> **DATA UNDER STUDY**:

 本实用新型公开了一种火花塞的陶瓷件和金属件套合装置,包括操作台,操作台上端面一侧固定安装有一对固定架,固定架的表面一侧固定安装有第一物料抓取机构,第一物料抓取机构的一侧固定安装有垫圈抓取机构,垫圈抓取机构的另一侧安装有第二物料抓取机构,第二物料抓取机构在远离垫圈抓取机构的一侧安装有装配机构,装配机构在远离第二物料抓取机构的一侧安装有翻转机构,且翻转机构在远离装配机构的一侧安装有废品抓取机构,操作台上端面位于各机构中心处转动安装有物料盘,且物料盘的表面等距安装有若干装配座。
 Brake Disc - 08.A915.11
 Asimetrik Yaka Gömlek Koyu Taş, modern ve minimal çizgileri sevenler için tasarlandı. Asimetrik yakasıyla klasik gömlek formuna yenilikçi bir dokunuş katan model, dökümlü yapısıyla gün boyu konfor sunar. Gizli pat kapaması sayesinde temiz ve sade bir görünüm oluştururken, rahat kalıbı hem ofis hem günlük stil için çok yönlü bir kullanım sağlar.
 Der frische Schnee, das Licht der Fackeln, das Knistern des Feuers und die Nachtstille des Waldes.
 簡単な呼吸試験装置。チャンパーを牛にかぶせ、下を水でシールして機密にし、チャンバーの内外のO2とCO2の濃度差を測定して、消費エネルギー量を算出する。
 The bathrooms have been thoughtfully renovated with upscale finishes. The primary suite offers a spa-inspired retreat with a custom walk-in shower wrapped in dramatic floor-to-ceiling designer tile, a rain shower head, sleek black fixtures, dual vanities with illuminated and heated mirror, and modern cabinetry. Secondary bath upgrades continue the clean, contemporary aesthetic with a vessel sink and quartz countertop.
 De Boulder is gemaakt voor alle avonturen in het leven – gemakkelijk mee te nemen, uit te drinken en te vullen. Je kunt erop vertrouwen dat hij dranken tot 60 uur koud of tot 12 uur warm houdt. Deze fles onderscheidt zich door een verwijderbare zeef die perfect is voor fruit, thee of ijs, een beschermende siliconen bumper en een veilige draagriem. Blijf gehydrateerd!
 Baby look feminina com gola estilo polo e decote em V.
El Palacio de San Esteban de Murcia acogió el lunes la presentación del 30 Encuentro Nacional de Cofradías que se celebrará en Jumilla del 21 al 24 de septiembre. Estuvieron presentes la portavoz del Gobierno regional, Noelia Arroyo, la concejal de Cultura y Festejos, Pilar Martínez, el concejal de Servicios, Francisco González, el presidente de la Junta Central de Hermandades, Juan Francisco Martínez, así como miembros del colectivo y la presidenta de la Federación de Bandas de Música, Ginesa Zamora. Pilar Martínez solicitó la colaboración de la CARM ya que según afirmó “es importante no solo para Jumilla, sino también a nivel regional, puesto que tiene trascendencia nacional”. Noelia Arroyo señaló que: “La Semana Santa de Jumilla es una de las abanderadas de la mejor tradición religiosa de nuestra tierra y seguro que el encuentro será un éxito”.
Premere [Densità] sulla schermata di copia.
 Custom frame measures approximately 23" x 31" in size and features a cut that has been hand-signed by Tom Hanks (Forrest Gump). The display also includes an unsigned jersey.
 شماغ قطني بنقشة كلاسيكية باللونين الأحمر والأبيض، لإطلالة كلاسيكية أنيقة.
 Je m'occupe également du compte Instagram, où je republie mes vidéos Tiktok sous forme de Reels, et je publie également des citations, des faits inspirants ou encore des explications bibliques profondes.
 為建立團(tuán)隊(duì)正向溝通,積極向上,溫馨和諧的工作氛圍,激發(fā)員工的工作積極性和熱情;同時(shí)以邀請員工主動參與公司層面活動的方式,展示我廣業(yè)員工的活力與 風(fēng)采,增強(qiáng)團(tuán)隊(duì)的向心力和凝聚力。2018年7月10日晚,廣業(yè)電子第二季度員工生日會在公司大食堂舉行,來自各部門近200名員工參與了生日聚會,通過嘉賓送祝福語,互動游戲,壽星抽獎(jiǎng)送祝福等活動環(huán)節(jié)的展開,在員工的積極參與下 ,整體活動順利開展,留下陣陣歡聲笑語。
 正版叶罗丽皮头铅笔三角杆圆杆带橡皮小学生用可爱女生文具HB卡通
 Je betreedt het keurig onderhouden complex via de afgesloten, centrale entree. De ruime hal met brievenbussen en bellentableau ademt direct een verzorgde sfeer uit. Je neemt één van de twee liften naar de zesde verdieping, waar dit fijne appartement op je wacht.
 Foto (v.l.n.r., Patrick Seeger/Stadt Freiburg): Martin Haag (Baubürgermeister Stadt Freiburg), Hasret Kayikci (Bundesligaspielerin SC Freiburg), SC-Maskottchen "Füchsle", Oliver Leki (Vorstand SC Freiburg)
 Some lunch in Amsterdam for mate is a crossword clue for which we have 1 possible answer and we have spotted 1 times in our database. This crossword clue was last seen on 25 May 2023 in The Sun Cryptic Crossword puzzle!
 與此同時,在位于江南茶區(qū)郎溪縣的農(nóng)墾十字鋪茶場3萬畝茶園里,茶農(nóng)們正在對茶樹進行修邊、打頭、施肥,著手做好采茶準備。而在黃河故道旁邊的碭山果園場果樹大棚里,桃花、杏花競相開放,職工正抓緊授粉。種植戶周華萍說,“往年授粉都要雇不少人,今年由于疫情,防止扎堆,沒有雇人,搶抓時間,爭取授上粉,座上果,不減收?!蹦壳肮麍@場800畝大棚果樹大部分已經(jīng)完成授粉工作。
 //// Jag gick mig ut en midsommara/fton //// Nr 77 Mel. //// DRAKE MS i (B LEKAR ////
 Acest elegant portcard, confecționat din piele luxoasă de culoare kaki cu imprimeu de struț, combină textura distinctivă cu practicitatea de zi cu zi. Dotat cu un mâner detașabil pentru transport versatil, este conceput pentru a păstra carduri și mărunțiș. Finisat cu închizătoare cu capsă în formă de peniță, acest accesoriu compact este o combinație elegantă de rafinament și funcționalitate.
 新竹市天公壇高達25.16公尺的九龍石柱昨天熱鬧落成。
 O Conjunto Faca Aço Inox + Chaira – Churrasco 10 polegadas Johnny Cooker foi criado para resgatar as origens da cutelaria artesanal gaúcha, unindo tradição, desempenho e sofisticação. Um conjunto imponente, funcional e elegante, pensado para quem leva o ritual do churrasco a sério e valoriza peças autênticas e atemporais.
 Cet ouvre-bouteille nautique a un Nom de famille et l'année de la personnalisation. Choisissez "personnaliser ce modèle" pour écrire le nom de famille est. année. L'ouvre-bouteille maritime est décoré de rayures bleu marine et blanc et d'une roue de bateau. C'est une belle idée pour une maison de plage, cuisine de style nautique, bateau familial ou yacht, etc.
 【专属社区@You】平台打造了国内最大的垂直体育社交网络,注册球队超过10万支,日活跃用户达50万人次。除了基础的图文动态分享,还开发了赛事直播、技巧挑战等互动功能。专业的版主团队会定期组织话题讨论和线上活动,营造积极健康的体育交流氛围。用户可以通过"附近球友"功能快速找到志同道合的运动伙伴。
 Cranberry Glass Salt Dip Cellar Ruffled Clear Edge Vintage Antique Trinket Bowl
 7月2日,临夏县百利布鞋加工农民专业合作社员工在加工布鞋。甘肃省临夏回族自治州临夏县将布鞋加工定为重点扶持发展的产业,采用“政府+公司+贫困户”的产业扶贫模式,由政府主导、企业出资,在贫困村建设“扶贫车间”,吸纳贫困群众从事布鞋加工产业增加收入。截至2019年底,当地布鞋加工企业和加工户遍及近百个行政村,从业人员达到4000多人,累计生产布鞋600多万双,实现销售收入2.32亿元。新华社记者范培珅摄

> **WHAT TO DO**: For each line above that contains the word "have", copy that line.

> **RESULT**:
 The bathrooms have been thoughtfully renovated with upscale finishes. The primary suite offers a spa-inspired retreat with a custom walk-in shower wrapped in dramatic floor-to-ceiling designer tile, a rain shower head, sleek black fixtures, dual vanities with illuminated and heated mirror, and modern cabinetry. Secondary bath upgrades continue the clean, contemporary aesthetic with a vessel sink and quartz countertop.
 Some lunch in Amsterdam for mate is a crossword clue for which we have 1 possible answer and we have spotted 1 times in our database. This crossword clue was last seen on 25 May 2023 in The Sun Cryptic Crossword puzzle!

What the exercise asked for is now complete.